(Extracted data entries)
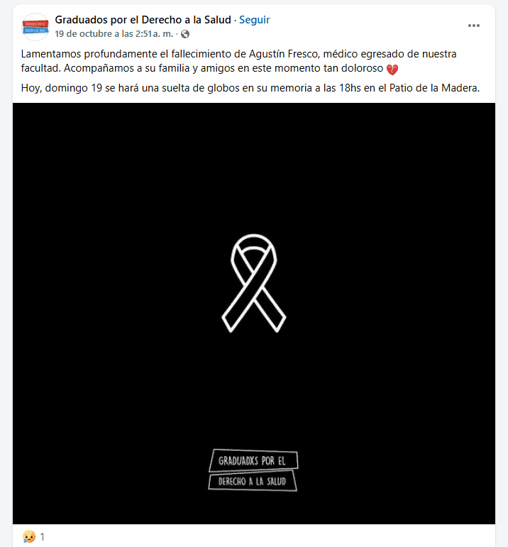Barrio Lourdes sigue conmocionado por la muerte de Agustín Fresco, un joven médico entrerriano que se asentó en Rosario primero para estudiar y después para trabajar. La semana pasada sufrió un accidente mientras realizaba trekking en el Parque Nacional Los Glaciares y falleció. El domingo pasado realizaron una suelta de globos en su memoria en el Patio de la Madera.
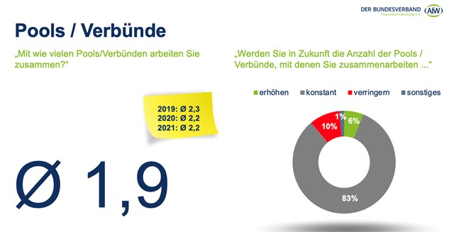 Die Anzahl der jeweiligen Poolanbindungen geht kontinuierlich zurück, mit einem einzigen Pool als Partner zu kooperieren ist jedoch noch immer nicht branchenweit üblich. Nur vier von zehn Vermittelnden (40,5 Prozent) arbeiten mit einem einzigen Pool zusammen. Im Schnitt arbeiten sie mit 1,9 Pools zusammen. Das ist ein Ergebnis des 15. AfW-Vermittlerbarometers, für das 1.305 Vermittlerinnen und Vermittlern Auskunft im Rahmen einer umfassenden Online-Umfrage erteilten. 2019 hatte dieser Wert indes noch bei 2,3 gelegen. 83 Prozent möchten an ihren Poolanbindungen auch nichts weiter verändern, lediglich jeder zehnte Befragte plant, die Anzahl seiner Poolanbindungen zu verringern. 6 Prozent möchten sie gar erhöhen. Insgesamt wickeln die befragten Vermittelnden zwei Drittel (67 Prozent) ihres Umsatzes über Maklerpools ab.
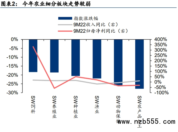 2022 年 1-10 月農林牧漁板塊走勢較差,錄得 20%以上的跌幅,下跌的原因主要為行業預 期的轉弱,各個細分板塊均錄得 18%以上跌幅。 1)養殖業:今年 1-10 月畜禽養殖錄得 19%的跌幅,主要原因是雖然虧損幅度減少,但前 三季度仍然虧損 72 億元,再加上市場對后續畜禽價格有所擔心,因此板塊出現較大幅度下 跌,前三季度收入同比上升 13%,凈利潤減虧; 2)飼料行業:飼料板塊錄得 18%的跌幅,我們認為主要因為板塊中企業大多從事養殖行業, 雖然業績表現有所改善,但仍未扭轉市場預期,板塊前三季度收入同比上升 18%,歸母凈 利同比上升 332%; 3)動物保健:板塊前三季度同比去年收入&凈利均有所下降,下跌原因為盈利水平與估值 水平的雙降,前三季度收入同比下降 6%,歸母凈利同比下降 35%。
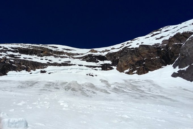 Felsband auf P. 3076 gut mit Ski passierbar, Südwand in mittelmässigem Zustand hauptsächlich mit Nassschnee, aber vor und beim Fixseil hart bzw. eisig. Fixseil hat beschädigten Mantel, hält aber zur Zeit noch.
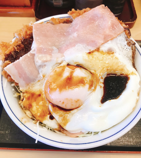 Read moreかつや茅ヶ崎今宿店さん 今日はランチで伺いました。 店の前を通るたびに凄く気に なっていた期間限定のメニュー ベーコンエッグソースカツ丼❗️ ベーコンエッグをご飯の上に😆 まるで最高の朝ごはんって感じ 混雑を避けて、11時過ぎに入店 冷たいお茶を出して頂いて、 即座にベーコンエッグソースカツ丼 をお願いしました。 10分も掛からないくらいで着丼です。 ベーコンと目玉焼きにソースが 掛かっていて食欲をそそられます😄 半熟玉子を割ってベーコンと絡める そしてソースと混ざりメチャクチャ クオリティが高い👍 メチャクチャ美味しい😭 この丼ではロースカツも脇役になる けど衣もサクサクで美味しいです。 箸休めのお漬物もアッサリして 美味しく、油料理にはちょうど 良いです。 お会計759円で100円割引券を 使用して659円❗️ これで600円台はかなりの価値です👍 そして会計後にまた100円割引券が もらえるという100円割引券の 無限ループに私はハマっています😂 期待通...
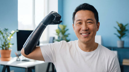 Man with advanced prosthetic arm smiling confidently in modern home office, showcasing empowerment, technology and positive lifestyle.

▶ [Try it] Starting with the top line, write out all the data above exactly; keep the pictures out.

▶ [Response]
Barrio Lourdes sigue conmocionado por la muerte de Agustín Fresco, un joven médico entrerriano que se asentó en Rosario primero para estudiar y después para trabajar. La semana pasada sufrió un accidente mientras realizaba trekking en el Parque Nacional Los Glaciares y falleció. El domingo pasado realizaron una suelta de globos en su memoria en el Patio de la Madera.
 Die Anzahl der jeweiligen Poolanbindungen geht kontinuierlich zurück, mit einem einzigen Pool als Partner zu kooperieren ist jedoch noch immer nicht branchenweit üblich. Nur vier von zehn Vermittelnden (40,5 Prozent) arbeiten mit einem einzigen Pool zusammen. Im Schnitt arbeiten sie mit 1,9 Pools zusammen. Das ist ein Ergebnis des 15. AfW-Vermittlerbarometers, für das 1.305 Vermittlerinnen und Vermittlern Auskunft im Rahmen einer umfassenden Online-Umfrage erteilten. 2019 hatte dieser Wert indes noch bei 2,3 gelegen. 83 Prozent möchten an ihren Poolanbindungen auch nichts weiter verändern, lediglich jeder zehnte Befragte plant, die Anzahl seiner Poolanbindungen zu verringern. 6 Prozent möchten sie gar erhöhen. Insgesamt wickeln die befragten Vermittelnden zwei Drittel (67 Prozent) ihres Umsatzes über Maklerpools ab.
 2022 年 1-10 月農林牧漁板塊走勢較差,錄得 20%以上的跌幅,下跌的原因主要為行業預 期的轉弱,各個細分板塊均錄得 18%以上跌幅。 1)養殖業:今年 1-10 月畜禽養殖錄得 19%的跌幅,主要原因是雖然虧損幅度減少,但前 三季度仍然虧損 72 億元,再加上市場對后續畜禽價格有所擔心,因此板塊出現較大幅度下 跌,前三季度收入同比上升 13%,凈利潤減虧; 2)飼料行業:飼料板塊錄得 18%的跌幅,我們認為主要因為板塊中企業大多從事養殖行業, 雖然業績表現有所改善,但仍未扭轉市場預期,板塊前三季度收入同比上升 18%,歸母凈 利同比上升 332%; 3)動物保健:板塊前三季度同比去年收入&凈利均有所下降,下跌原因為盈利水平與估值 水平的雙降,前三季度收入同比下降 6%,歸母凈利同比下降 35%。
 Felsband auf P. 3076 gut mit Ski passierbar, Südwand in mittelmässigem Zustand hauptsächlich mit Nassschnee, aber vor und beim Fixseil hart bzw. eisig. Fixseil hat beschädigten Mantel, hält aber zur Zeit noch.
 Read moreかつや茅ヶ崎今宿店さん 今日はランチで伺いました。 店の前を通るたびに凄く気に なっていた期間限定のメニュー ベーコンエッグソースカツ丼❗️ ベーコンエッグをご飯の上に😆 まるで最高の朝ごはんって感じ 混雑を避けて、11時過ぎに入店 冷たいお茶を出して頂いて、 即座にベーコンエッグソースカツ丼 をお願いしました。 10分も掛からないくらいで着丼です。 ベーコンと目玉焼きにソースが 掛かっていて食欲をそそられます😄 半熟玉子を割ってベーコンと絡める そしてソースと混ざりメチャクチャ クオリティが高い👍 メチャクチャ美味しい😭 この丼ではロースカツも脇役になる けど衣もサクサクで美味しいです。 箸休めのお漬物もアッサリして 美味しく、油料理にはちょうど 良いです。 お会計759円で100円割引券を 使用して659円❗️ これで600円台はかなりの価値です👍 そして会計後にまた100円割引券が もらえるという100円割引券の 無限ループに私はハマっています😂 期待通...
 Man with advanced prosthetic arm smiling confidently in modern home office, showcasing empowerment, technology and positive lifestyle.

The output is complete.